But like always - yours is shorter.

I started mine from the previous result where the question was wrong.

That is my excuse and I am sticking with it! LOL

Melody
Sep 25, 2014

#12**+8 **

(x^2-2011x+1)/x=0/x

x-2011+1/x=0

x+1/x=2011

x-1+1/x=2011-1=2010

Good job.Is it funny or not to do problem like this?if yes, i will put a problem everyday to the forum

quinn
Sep 25, 2014

#13**+8 **

It * IS* fun, quinn.......just don't make them too difficult......otherwise, it makes us look bad........

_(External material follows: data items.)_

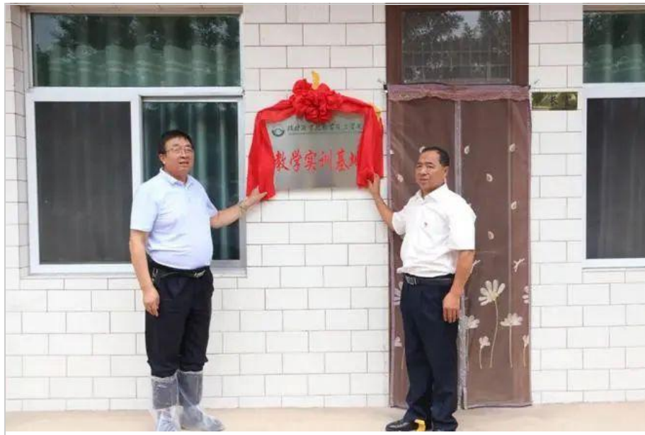
图 3-8 校企双方负责人共同为校企产学研教学实训基地揭牌

校企合作现场调研会，进一步就开展合作交流进行了洽谈，并签订校企共建产学研合作协议。
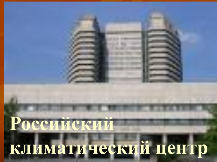
Российский климатический центр

■ Основа мониторинга климата - метеорологические данные. Научные учреждения Росгидромета на основе оперативных наблюдений готовят бюллетени, отражающие изменение ситуации за определенный период. Месячные бюллетени "Данные мониторинга климата" начали выходить в 1984 году, а в 1997-м появился первый годовой бюллетень "Изменения климата России".
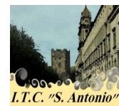
I.T.C. "S. Antonio"

tutela della riservatezza e dell'integrità dei dati non solo nella fase di conservazione ma anche durante le fasi di trattamento.
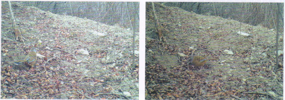
图 1 六盘山国家级自然保护区斑背噪鹛 Garrulax lunulatus 的红外相机照片

在保护区安置的 10 台红外相机共拍到 30 只次不同季节斑背噪鹛活动的 70 张照片和 6 段视频资料, 发现地点皆为较为隐蔽的以栎为主的山地落叶阔叶灌丛和以落叶松 Larix gmelinii 为主的针叶林及落叶松和栎为主的针阔混交林的林缘草地, 海拔 1 800~2 600 m(表 1), 说明斑背噪鹛在宁夏六盘山地区是一种留鸟。之前无斑背噪鹛的记录, 六盘山分布的斑背噪鹛是当地固有的种群还是由于调查手段和时间的不足而未记录到, 还是可能在近年来全球气候变暖的背景下由南部迁移而来, 均有待深入调查, 同时也需要在附近的小陇山、子午岭至秦岭一带进一步确认中间地带是否有该鸟的分布。
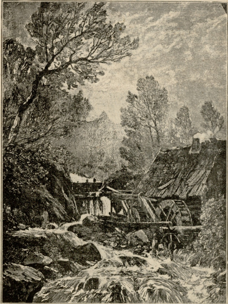
სიაფის წაქედა. — სურათი ფონ-კანახისა

მაგიერ — მტრობა. ამას არ ვგლოდი შენ, როცა კლდე-ღრმულ მიფოვავდი ვარსკვლავებისაკენ, როცა ჩემს ვარშემო სკვი- კოდნენ უფსკრულში ჩემი ამხანაგები. ვფიქრობდა: ერთი ჩვე- ვანი მაინც მიალწეებს მიზანს და მოიტანს ქვეყნად ვარსკვლავს, და იმის ბრწყინვალეობის დროს დადგება ქვეყნად ნათელი, ბრწყინვალე ცხოვრება. მაგრამ როცა დავდექე მოედანზედ, რო- ცა ცოტა ვარსკვლავის სინათლეზედ დაინახე თქვენი ცხოვ- რება, ვიგრძენ, რომ უფუნური იყო ჩემი ოცნება, ვავიგე, რომ სინათლე გესპირობათ მხოლოდ მიუწოდებლ ცაში, რომ თავყნას სკცმდეთ იმას ცხოვრების მხიარულ წუთების დროს. ქვეყნად კი თქვენთვის ყველაზედ ძაბარფასი სინთლეა, რომლის დროსაც შეგიძლიათ დემბლით ერთმანეთის და კმა- ყოფილი იყვიეთ თქვენის შავის ბნელისა და დაობებულ-და- ხავსებულის ცხოვრებისა. მაგრამ ეშაა უფრო ძლიერ, ვიდრე უწინ, ვიგრძენ, რომ აწნაირი ცხოვრება არ შეიძლება, რომ ცხოვრება თავის სინთლებრივ ტალახის ყოველის წვეთით, ნესტიან იბის ყოველის ლაშით შევკრავდეს ცას... თუცა შენიშლიან ნუფემოცა გცეთ: ბევრი ხანი აღარ ანათებს ეს ვარსკვლავი ქვე ყნას: იქ, შორეულ ცაზედ, ჰკილია ვარსკვლავი და ანათებენ თავის თავად; ხოლო კოდან მოწყვეტილი და დგდა-მიწაზედ ჩამო- ტანილი ვარსკვლავი ანათებს მხოლოდ მაშინ, როდესაც სახრ- ობს ხელში-შეჭრის სისხლით. ვგრძნობ, რომ ჩემი სიკოცხლე, რაგორც ასანთში, მაღლა მიღის სხეულიდან ვარსკვლავში და იწვის იქ. ცოტა კიდევ და ჩემი სიკოცხლე დაიწვის მთლად. არც ვაძლევს შეიძლება: იგი ჰქრება მომტანის სიკოცხლეს- თან ერთად, და ყველამ უნდა ახლად შეიძინოს იგი. მოგპარ-
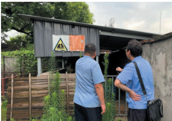
▲上城分局应急工作小组对南星水厂、上海铁路集团有限公司杭州机务段等单位开展现场检查。
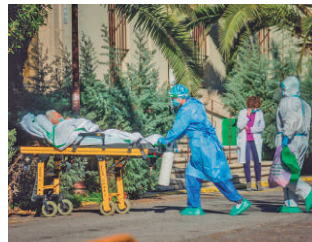
Traslado de un paciente de covid E. P.

El documento subraya que otra pandemia afectaría a un mundo más dividido, más endeudado y con menor capacidad para proteger a su población
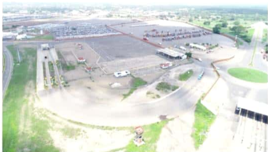
CD. LÁZARO CÁRDENAS, MICH.- El Puerto Lázaro Cárdenas presentó un crecimiento del 33% en atención al autotransporte al mes de agosto en su ASLA, con un total de 38 mil 176 unidades

En la actualidad, el comercio exterior presenta grandes retos, para ello, el Puerto Lázaro Cárdenas ofrece grandes oportunidades con soluciones innovadoras e integrales para las necesidades del mercado.
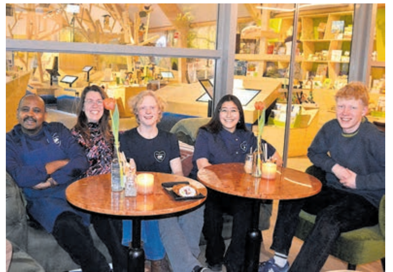
Het gastvrije team van Het Duincafé.
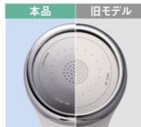
dinosオリジナル 散水板(共通)
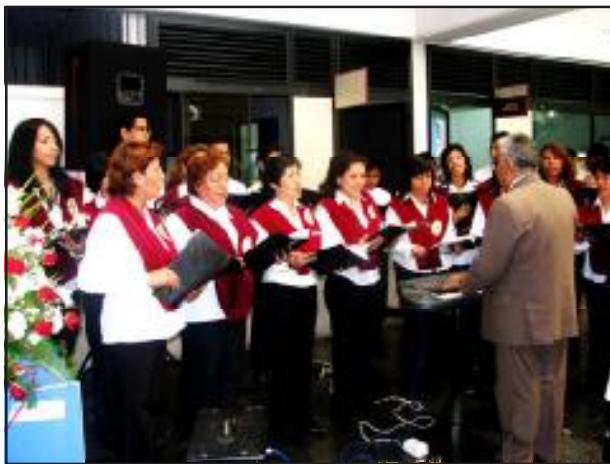
El coro polifónico de la Corte Superior de Justicia de Piura durante su actuación en el homenaje a César Vallejo que coincidió con el aniversario de esa dependencia judicial

El Poder Judicial ha organizado anteriormente actos de desagravio y homenaje a César Vallejo en Lima y Trujillo con la participación de instituciones culturales, entre ellas la Universidad Alas Peruanas y la Universidad César Vallejo y la Alianza Francesa.
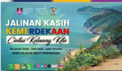
Program Jalinan Kasih Kemerdekaan - Cintai Keluang Kita PTAR Machang - muka 18
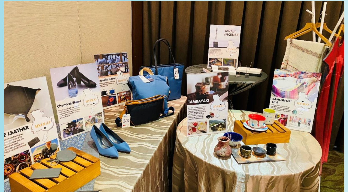
SDGsを意識した県産品のプロモーション
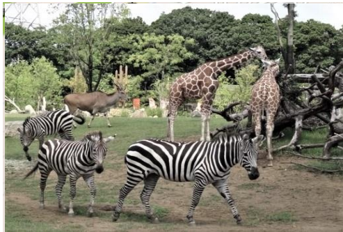
ズーラシア・サバンナゾーン
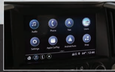
شاشة كبيرة 8 إنش مم كاميرا خلفية و Navigation ونظام ترفيه (Android Auto و Apple Carplay)
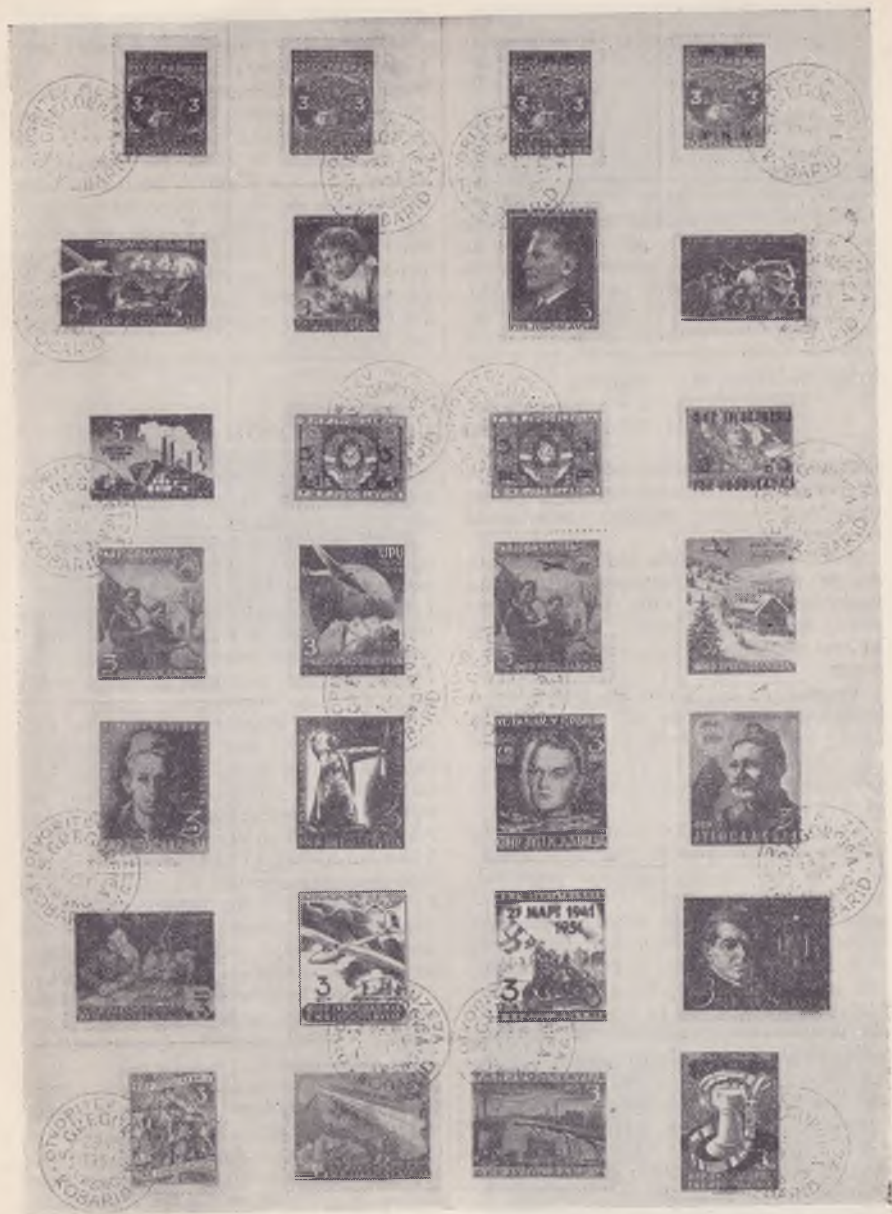
Edinstvena filatel. frankatura: 28 razliĉnih znakm po 3 din na pismu od 23.7. 1951

P.S ....I even had to "cheat" off Melody a bit to get that problem correct!!!! (Shhh!!!...don't tell her)

CPhill
Sep 25, 2014

#14**+8 **

Yes I had fun with this problem quinn.

But it is better if you get the question right in the first place. I liked the Extra brackets that you put in second time round, then we know we have not misinterpreted.

I have included this problem in the next "End of Day Wrap" that i write. I invite you to read my wrap. I write one most nights.

Here is the address of yesterday's one. They are kept in with the sticky topics. :)

http://web2.0calc.com/questions/all-questions-answered-to-this-point#r294

(I don't usually include that many questions but I had not written one for a few days)

We really DID LIKE this question Quinn, you are welcome here any time

Melody
Sep 25, 2014